Work to complete: Beginning at the line that holds "Malachite Ring –" and continuing to the last line of the data below, transcribe every line word for word, without pictures.

Data for review:
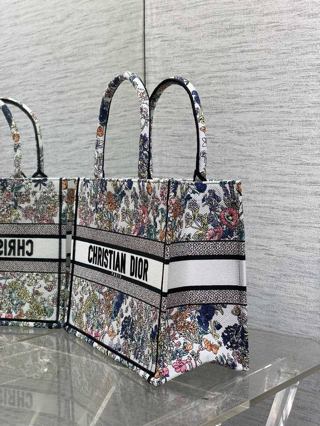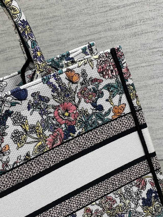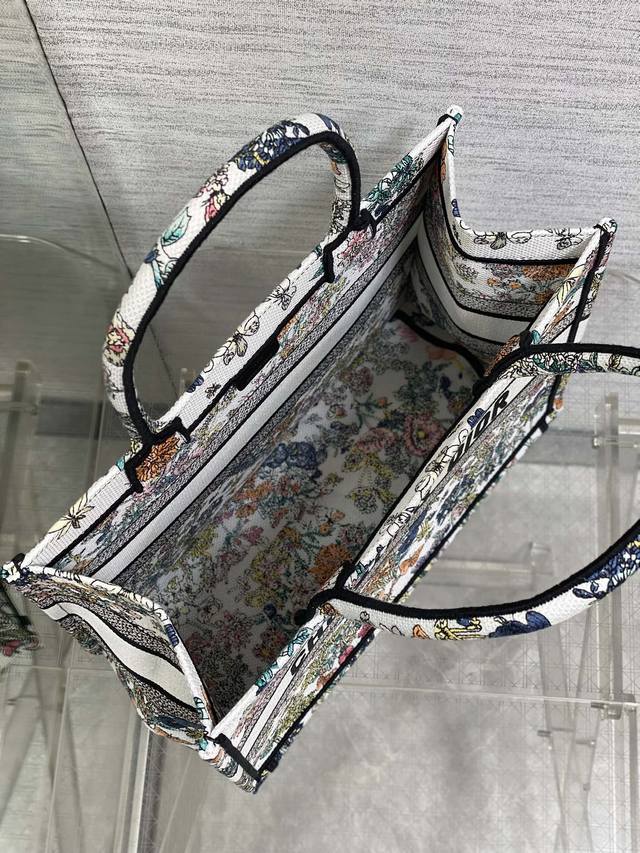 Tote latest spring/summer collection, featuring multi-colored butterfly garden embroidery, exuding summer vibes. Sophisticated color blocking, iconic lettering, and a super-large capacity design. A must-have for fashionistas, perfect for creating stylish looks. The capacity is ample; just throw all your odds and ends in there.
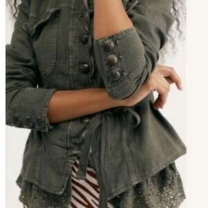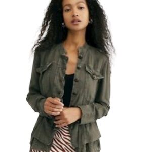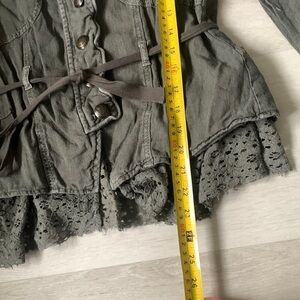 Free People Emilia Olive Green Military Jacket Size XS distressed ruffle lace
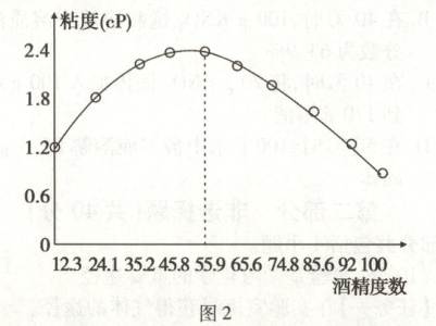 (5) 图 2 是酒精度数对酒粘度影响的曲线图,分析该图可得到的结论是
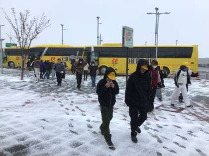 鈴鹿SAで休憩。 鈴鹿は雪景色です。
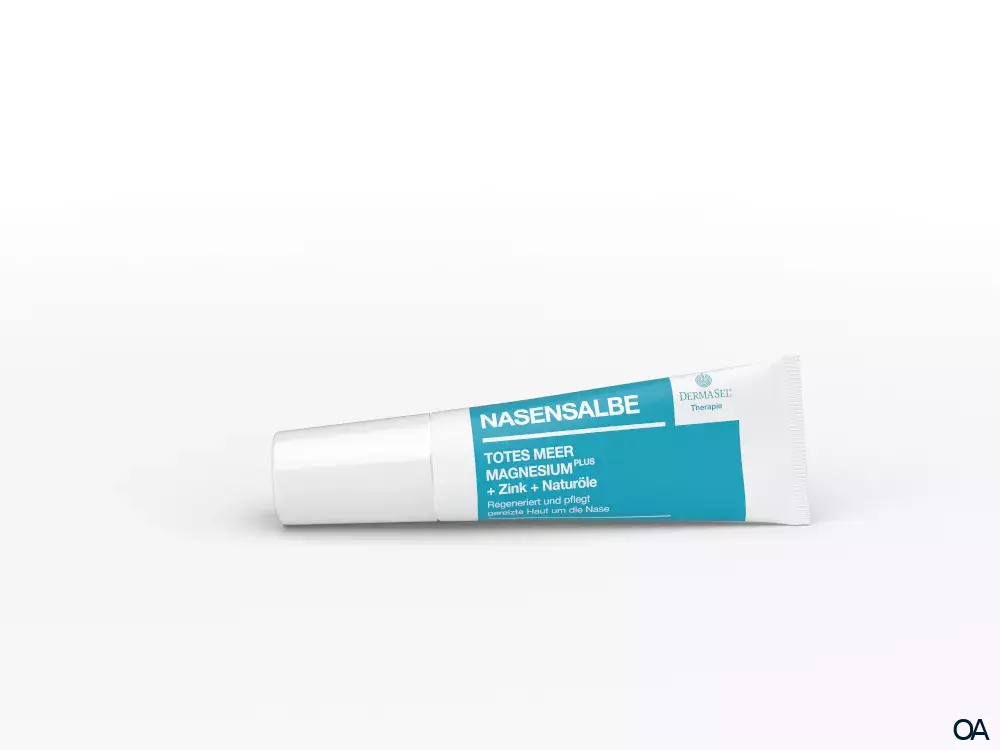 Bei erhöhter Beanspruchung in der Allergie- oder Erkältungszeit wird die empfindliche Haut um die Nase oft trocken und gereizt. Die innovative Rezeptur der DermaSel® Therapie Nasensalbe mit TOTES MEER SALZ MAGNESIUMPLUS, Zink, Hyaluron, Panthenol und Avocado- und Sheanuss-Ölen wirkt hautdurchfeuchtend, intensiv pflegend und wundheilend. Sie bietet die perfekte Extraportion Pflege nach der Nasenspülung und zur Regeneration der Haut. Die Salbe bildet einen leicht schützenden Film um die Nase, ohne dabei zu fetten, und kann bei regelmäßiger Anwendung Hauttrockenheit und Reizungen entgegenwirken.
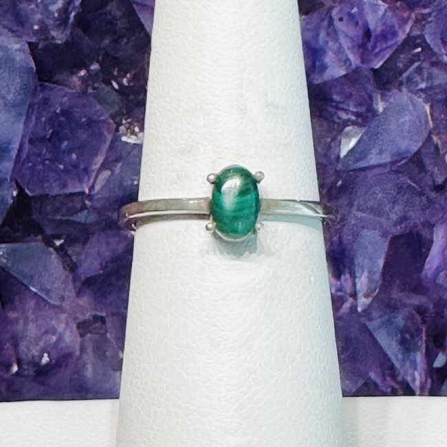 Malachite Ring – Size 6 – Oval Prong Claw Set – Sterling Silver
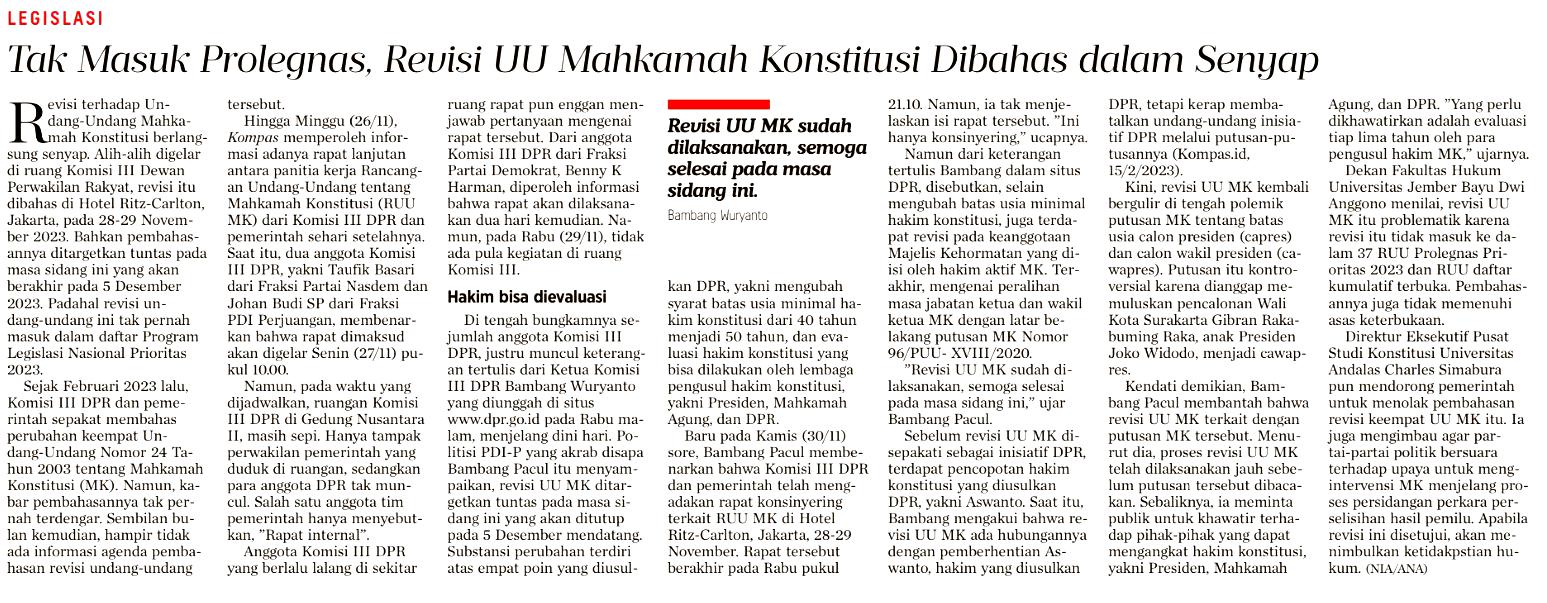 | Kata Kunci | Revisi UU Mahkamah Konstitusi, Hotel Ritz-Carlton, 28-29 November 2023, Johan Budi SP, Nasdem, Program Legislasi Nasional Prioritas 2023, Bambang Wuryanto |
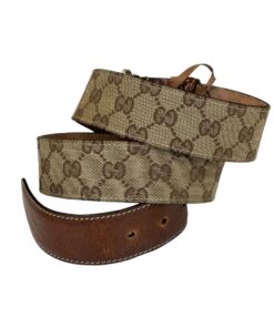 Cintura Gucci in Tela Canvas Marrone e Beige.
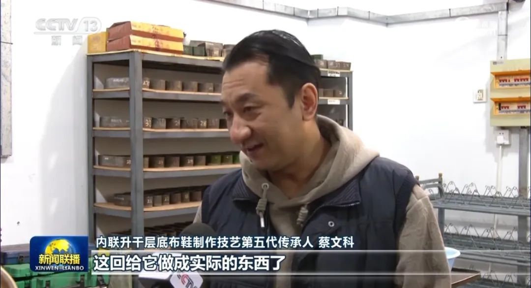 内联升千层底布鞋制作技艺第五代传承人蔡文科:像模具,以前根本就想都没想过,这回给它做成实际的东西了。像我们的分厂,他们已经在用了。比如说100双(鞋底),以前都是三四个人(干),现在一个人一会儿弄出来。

Result of the exercise:
 Malachite Ring – Size 6 – Oval Prong Claw Set – Sterling Silver
 | Kata Kunci | Revisi UU Mahkamah Konstitusi, Hotel Ritz-Carlton, 28-29 November 2023, Johan Budi SP, Nasdem, Program Legislasi Nasional Prioritas 2023, Bambang Wuryanto |
 Cintura Gucci in Tela Canvas Marrone e Beige.
 内联升千层底布鞋制作技艺第五代传承人蔡文科:像模具,以前根本就想都没想过,这回给它做成实际的东西了。像我们的分厂,他们已经在用了。比如说100双(鞋底),以前都是三四个人(干),现在一个人一会儿弄出来。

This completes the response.